En un ambiente de baja tolerancia al malestar, cualquier malestar
puede ser presentado comoun trastorno. Es también en la época de
la posguerra mundial cuando se empieza a hablar de un cuadro
clínico nuevo, el ahora muy famoso trastorno por estrés
postraumático. Este síndrome está actualmente clasificado dentro de
los trastornos de ansiedad y se diagnostica a personas que han
sufrido una experiencia emocionalmente muy amenazante y que ha
comportado peligro físico: sobrevivir a un accidente, sufrir una
violación, participar en un conflicto armado. Pues bien, como expone
de forma muy elocuente Pérez Álvarez (ibid), llama la atención cómo
la comunidad científica empieza a describir y a aceptar la “existencia”
de este trastorno precisamente cuando un importante grupo de
presión, las asociaciones de veteranos de guerra, está intentando que
se reconozcan lesiones que impliquen pagas y atención sanitaria a
quienes han sufrido experiencias traumáticas en combate.

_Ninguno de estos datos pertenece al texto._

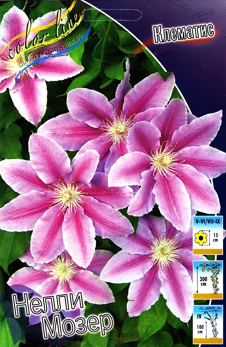 Клематис 'Nelly Moser' – это умереннорастущий крупноцветковый сорт, известный своими двухцветными цветками светло-розового или светло-фиолетово-розового окраса с выразительной малиново-красной полосой посередине лепестков и красными тычинками.
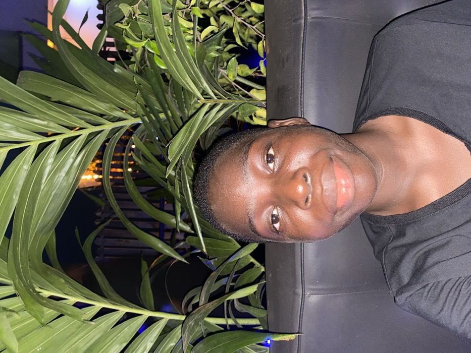 A person with dark skin smiles directly at the camera, revealing their teeth and glossy lips. The person wears a black shirt with long sleeves. A potted palm sits to the person's left, adding a tropical feel to the scene. A black couch or seat is situated to the right of the person. A building or other light source with grid-like details is visible in the background through the palm leaves.
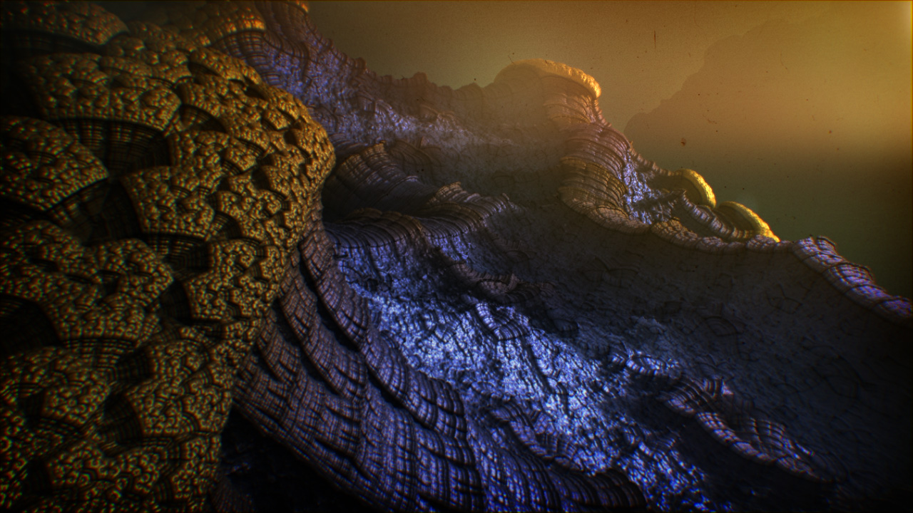 Each shot required customization of the fractal parameters to find a new & unique shape, followed by a lighting setup (using spotlight and camera light), followed by rendering / export, followed by After Effects treatment & compositing.
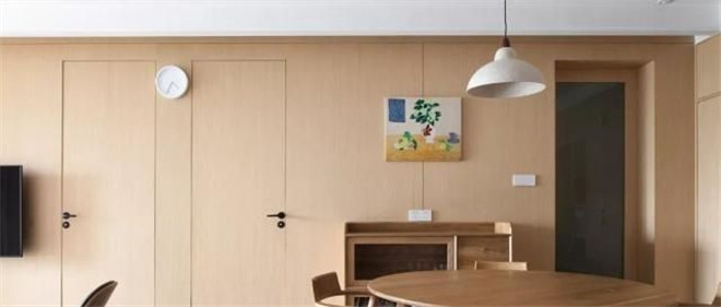 餐厅背墙与电视背墙共享一个面,餐桌选用圆形木质成品,餐椅也是原木风格,整体显得非常洁自然大面积的木饰面装饰,让空间彰显出大气的氛围。
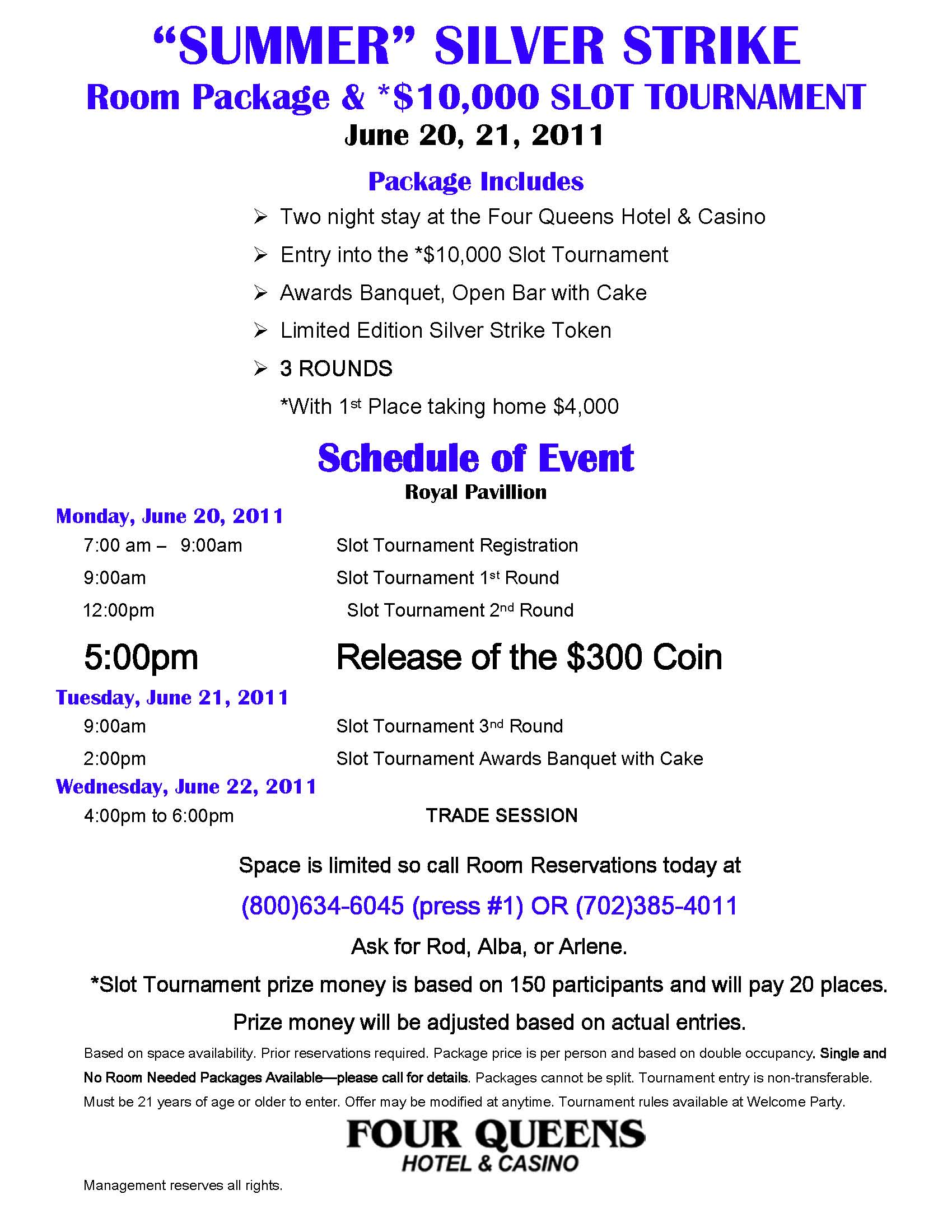 Remember, the Four Queens Silver Strike Tournament is scheduled for June 20-21, 2011; and the CC>CC Convention is June 22-25, 2011. Looks like we will have a great time at tournament and convention with more casinos to get Silver Strikes from and lots of people to see.
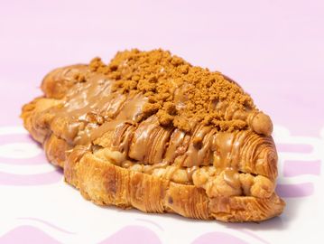 Sweeties buttery croissant layered with Sweeties Biscoff Cookie Dough. Dressed with Biscoff sauce, Biscoff Cookie Dough & Biscoff crumbs
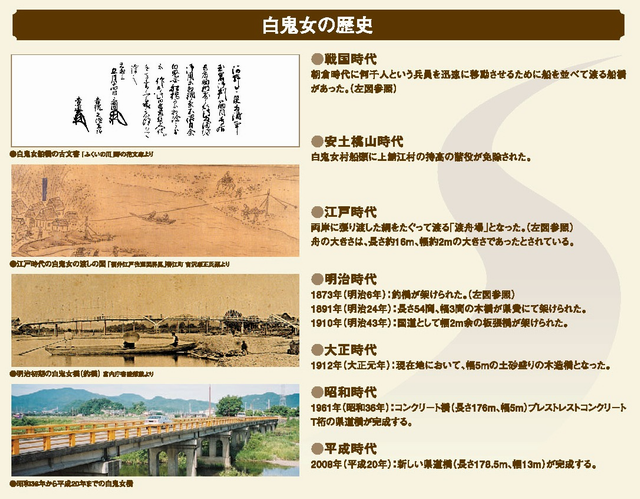 白鬼女橋の歴史を伝えるポケットパークを、橋東側の県道北側に整備します。

No es un caso singular. La puesta en escena pública de
determinados trastornos de forma coincidente con ciertos intereses
comerciales o ciertas necesidades sociales puede advertirse con
frecuencia. De esta crítica se han hecho eco algunos autores, por
ejemplo Nesse y Williams (2000), Blech (2004), Mosher et al. (2004) o
González Pardo y Pérez Álvarez (2007). No puede ser siempre
casualidad que algunos síndromes que antes no existían o que no
revestían particular interés salten a la luz al mismo tiempo que es
descubierta por algún laboratorio alguna sustancia que de alguna
forma influye en algún síntoma de ese síndrome. La comercialización
de una pastilla que puede aumentar el deseo sexual en las mujeres
(la “viagra rosa”) coincide con la descripción de la supuesta disfunción
sexual femenina. Las voces más críticas claman contra el tráfico de
enfermedades, cuyo fin es ampliar el mercado ampliando el espectro
de lo que consideramos patológico, convirtiendo al mayor número
posible de personas en “enfermos” y por tanto en potenciales
consumidores de fármacos (Moynihan, 2008). Es un buen ejemplo, si
bien perverso, de iatrogénesis social, según la cual la sociedad
excesivamente preocupada de sí misma, al volcarse en la búsqueda y
estudio de sus trastornos, los genera, puesto que convierte en
enfermedades lo que antes era normal.
La controvertida historia del trastorno de personalidad múltiple
(llamado ahora trastorno de identidad disociativo) se puede entender
también como ejemplo de iatrogénesis, pues reúne todos los
elementos controvertidos que le son propios, desde la cuestionada
existencia misma del trastorno hasta los excesos cometidos por los
profesionales en su nombre. El trastorno se define por la coexistencia
de varias identidades independientes, incluso más de veinte, que
toman el control alternativamente en una misma persona. Antes de
que el DSM lo incluyera en su edición de 1980 –con el nombre
antiguo– y llamara así la atención sobre su existencia, apenas se
reparaba en él, pero pasó de pronto a encabezar datos
epidemiológicos. Los extraños estados de conciencia característicos
del trastorno se conocían sobre todo por la literatura y el cine (Las
tres caras de Eva, dirigida por Nunnally Johnson en 1957, o Sybil, una
novela de Flora Rheta Schreiber de 1973), pero empezó a
diagnosticarse masivamente en EEUU coincidiendo con un cambio
cultural importante: el retroceso del puritanismo en los años 80 y una
atención más abierta a la sexualidad en general y a los abusos
sexuales en particular, a menudo presentes en la biografía de las
personas con varias identidades (Hacking, 1995). Es un excelente
caso de crecimiento conjunto: explicaciones por parte de los
especialistas coinciden con el momento social y comparten intereses
con determinados grupos de presión –en este caso, personas que
han sufrido abusos graves en la niñez–, que se refuerzan
mutuamente.
En el caso de la personalidad múltiple, el péndulo basculó
demasiado fuerte y algunos pacientes interpusieron denuncias contra
sus terapeutas por haber hecho supuestamente más severo el
cuadro, o incluso por estimular el recuerdo de hechos (horribles) que
no habían ocurrido. Estas denuncias coincidían en su fondo con la
opinión de algunos profesionales críticos, que sospechaban que las
diferentes personalidades bien podían ser creaciones clínicas, dado
que algunas sólo aparecían durante las sesiones de terapia. El
terapeuta, en su afán por encontrar todo lo que “hay” (muchas
personalidades), lo que consigue es generarlas, en un proceso de
creación clínica en equipo, donde el paciente elabora ad hoc
personalidades nuevas para satisfacer la demanda de su psicólogo.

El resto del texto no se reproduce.